I’ve been thinking about this problem a fair amount over the last few months. And to make progress on it I decided to, rather than put pen to paper, put keyboard to code editor.
Indeed, I’ve been writing code in my spare time again. Yes, this is also why it’s been quiet here at Zef+. I was writing TypeScript instead of prose.
It started with a proof of concept implementation of a tool that bundles some YAML definitions (similar to how the serverless framework’s serverless.yml) specifying hooks with TypeScript/JavaScript code into a JSON file. These JSON files (“plugs”) could then be loaded and executed in a sandbox. I had sandbox implementations that would make these plugs run on the server using node.js as well as in the browser in a web worker or iframe. I also got far getting it to run on mobile using React Native.
However, I paused the project for some time when I realized I didn’t have a compelling use case. What application would actually benefit from the ability to freely move code execution from the browser to the server and back again (which is where I saw a lot of the potential back then)? 🤷
Then, in my journey to find the ultimate writing and note taking app I discovered Obsidian. Obsidian is a knowledge management and note taking application. Obsidian runs as a locally installed desktop (and recently mobile) application. There’s a lot to like about Obsidian. For instance, rather than relying on some proprietary file format, it stores all its notes as markdown files on disk. I like markdown.
However, its true power comes from its very rich ecosystem of extensions. There are extensions that allow you to query your note collection as a database, for instance. Or to render your Markdown note as a Kanban board. Or to pull your Kindle highlights into your notes. That’s pretty damn cool!
How does this work, technically?
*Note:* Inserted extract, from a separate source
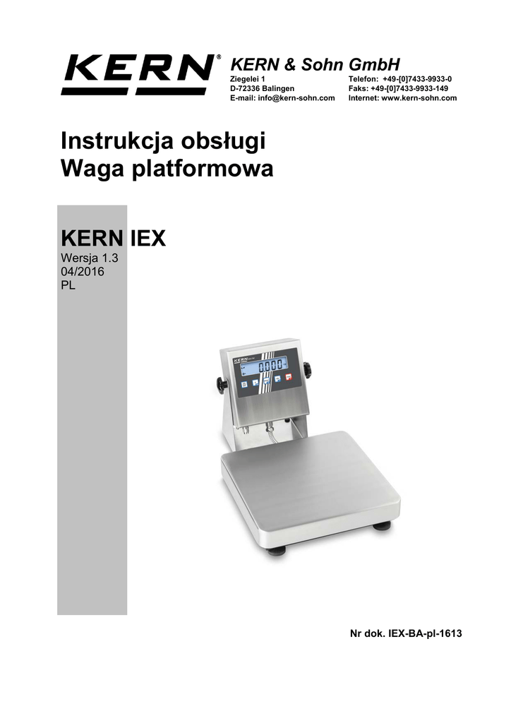 KERN & Sohn GmbH Ziegelei 1 D-72336 Balingen E-mail: [email protected] Telefon: +49-[0]7433-9933-0 Faks: +49-[0]7433-9933-149 Internet: www.kern-sohn.com Instrukcja obsługi Waga platformowa KERN IEX Wersja 1.3 04/2016 PL Nr dok. IEX-BA-pl-1613 PL KERN IEX Wersja 1.3 04/2016 Instrukcja obsługi Waga platformowa Spis treści 1 2 3 4 5 6 7 8 Przestrzeganie wskazówek zawartych w instrukcji obsługi ........................... 3 Użytkowanie wag IEX zgodne z ich przeznaczeniem ...................................... 4 Konstrukcja wag IEX z jednym ogniwem obciążnikowym .............................. 4 Oznakowanie ATEX — znaczenie symboli ....................................................... 6 Instrukcja montażu wagi .................................................................................... 8 Zmiana miejsca ustawienia wagi .................................................................... 11 Czyszczenie, konserwacja ............................................................................... 12 Badania techniczne .......................................................................................... 13 2 Nr dok. IEX-BA-pl-1613 1 Przestrzeganie wskazówek zawartych w instrukcji obsługi Przed ustawieniem i uruchomieniem urządzenia należy dokładnie przeczytać niniejszą instrukcję obsługi, nawet wtedy, gdy mają już Państwo doświadczenie z wagami firmy KERN. Wszystkie wersje językowe zawierają niewiążące tłumaczenie. Wiążący jest niemieckim. oryginalny dokument w języku Przestrzeganie zaleceń zawartych w tej instrukcji obsługi jest jednym ze środków ostrożności zapewniających bezpieczną eksploatację wag serii OEX w obszarach zagrożonych wybuchem. Pracownicy powinni zapoznać się z elementami urządzenia opisanymi w instrukcji obsługi, do których należą: • • wyświetlacz KEX-TM; zasilacz sieciowy IEX-A01-U, IEX-A01-E. Instrukcję obsługi należy udostępnić pracownikom, umożliwiając im wgląd w każdej chwili. W instrukcji obsługi występują następujące symbole: • • czynności, których wykonywanie jest zalecane stale; czynności, których wykonywanie zalecane jest w określonych okolicznościach. • Oznaczenie ustępów istotnych z punktu widzenia bezpieczeństwa przeciwwybuchowego Instrukcja obsługi może być uzupełniona o dodatkowe ostrzeżenia i informacje dotyczące bezpieczeństwa udostępnione przez firmę KERN. O wszelkich dodatkach do przedłożonej instrukcji obsługi należy poinformować wszystkich pracowników. Nr dok. IEX-BA-pl-1613 3 2 Użytkowanie wag IEX zgodne z ich przeznaczeniem Materiał ważony w obszarach zagrożonych wybuchem. Wagę można wytarować w całym zakresie pomiarowym, umożliwiając tym samym określenie masy netto. Forma wykonania wagi (konstrukcja nieelektrycznej części wagi platformowej wagi oraz użyty materiał) jest zgodna z dyrektywą 2014/34/EU obowiązującą w krajach Unii Europejskiej. • Ze względu na swoją konstrukcję, z nieelektryczną częścią przy platformie, oraz użyty materiał wagi serii IEX mogą być użytkowane w 1. lub 2. strefie zagrożenia wybuchowego, w których mogą występować: o gazy, mieszaniny gazów i opary zaliczane do klas wybuchowości IIA, IIB lub IIC; o oraz klas temperaturowych T1, T2, T3 lub T4. 3 Konstrukcja wag IEX z jednym ogniwem obciążnikowym Wagi serii IEX z jednym ogniwem obciążnikowym zbudowane są na zasadzie modułowej i składają się z: • • • • wyświetlacza KEX-TM; zasilacza IEX-A01 firmy KERN umieszczanego poza strefą zagrożoną wybuchem; ogniwa obciążnikowego w wykonaniu przeciwwybuchowym; wagi platformowej, stanowiącej nieelektryczny, mechaniczny element konstrukcyjny wagi. Wyświetlacz serii KEX-TM podłączany jest za pomocą kabla do czujnika pomiarowego siły (ogniwa obciążnikowego) umieszczonego w platformie. Waga platformowa składa się z płytki wagi wykonanej ze stali nierdzewnej, zapewniającej wystarczającą ochronę i umożliwiającej łatwe czyszczenie. Waga serii IEX składa się z jednego aluminiowego ogniwa obciążnikowego, zapewniającego lepszą odporność na szkodliwe wpływy oraz warunki środowiskowe. Kabel łączący ogniwo obciążnikowe z wyświetlaczem zabezpieczony jest przy użyciu pręta i węża o długości ok. 3 m. Wyświetlacz zasilany jest za pomocą zasilacza sieciowego IEX-A01 firmy KERN, który znajduje się poza strefą zagrożoną wybuchem. Zasilacz sieciowy podłączany jest do publicznej sieci zasilającej 230 V. Obudowa wyświetlacza wyposażona jest w oznakowane przyłącze przewodu ochronnego (wyładowania elektrostatyczne). Obudowa połączona jest elektrycznie z wagą platformową za pomocą węża w oplocie stalowym. 4 Nr dok. IEX-BA-pl-1613 Waga serii IEX z wyświetlaczem KEX-TM Obszar bezpieczny Zasilacz sieciowy IEX-A01 Obszar zagrożony wybuchem Waga z jednym ogniwem obciążnikowym Waga IEX (waga platformowa 300 × 300) Waga IEX – (500 × 400) Nr dok. IEX-BA-pl-1613 5 4 Oznakowanie ATEX — znaczenie symboli • Wagi serii IEX spełniają wymagania dyrektywy 2014/34/EU dla urządzeń grupy II, klasy 2 i posiadają oznakowanie II 2 G IIB T4. Objaśnienie symboli zgodnych z dyrektywą 2014/34/EU: Grupa urządzeń: I – Podziemne elementy kopalń II – Wszystkie inne miejsca, w których może istnieć zagrożenie wynikające z występowania atmosfery Wyposażenie elektryczne — zgodne z jednym typem lub kilkoma typami konstrukcji zabezpieczenie przeciwwybuchow ego Kategoria dla urządzeń grupy II: 1 – urządzenie zapewniające bardzo wysoki poziom Atmosfera wybuchowa: bezpieczeństwa G – związana z – do pracy w strefach występowaniem gazu, 0, 1, 2 oparów i mgły 2 – urządzenie D – związana z zapewniające wysoki występowaniem pyłu poziom bezpieczeństwa – do pracy w strefach 1, 2 3 – urządzenie zapewniające normalny poziom bezpieczeństwa – do pracy w strefie 2 Symbol użytego zabezpieczenia przeciwwybuchow ego Typ kon

Obsidian is built using JavaScript, and runs as an Electron app on desktop (and I’m guessing React Native on mobile, but I cannot be sure). To extend Obsidian you write TypeScript/JavaScript code which is loaded into the main UI and offers various hooks to extend the UI.
That same model of loading arbitrary JavaScript code again!
I spent a few hours trying to build a Ghost publishing for Obsidian, during which I figured out how this all worked under the hood. Restarting the UI to check if my code worked. Frustratedly I checked Github to find the Obsidian source code, but then realized it wasn’t actually open source. So I thought… opportunity!
The buried lede
The result is the application I’m using right now to write this very article. Half this post I wrote at my desk on my laptop. Half of it in the garden on my iPad. I will also be publishing it to Zef+ via its Ghost extension, which, indeed — I ultimately implemented for my new app instead of Obsidian.
I use it to take notes during my 1-1s. It’s the tool I use to track todos. And to follow my team’s activity on Github.
And if you ever visit me at my house and push that mysterious button in the kitchen, which toggles (short press) or switches (long press) Internet radio stations streamed to the homepods in our main living area — yeah, that’s powered by it too.
And those on-call schedules that are pulled from OpsGenie and posted to our Mattermost channel every week. Yeah, they are compiled and posted by it as well.
Obviously.
The most exciting type of software is the type that sparks creative use cases. Software that ends up being used in ways that its developers never could have anticipated. Including me.
I’d tell you more about this application, but look at the time! We’re already over 2800 words in, so more on that another time.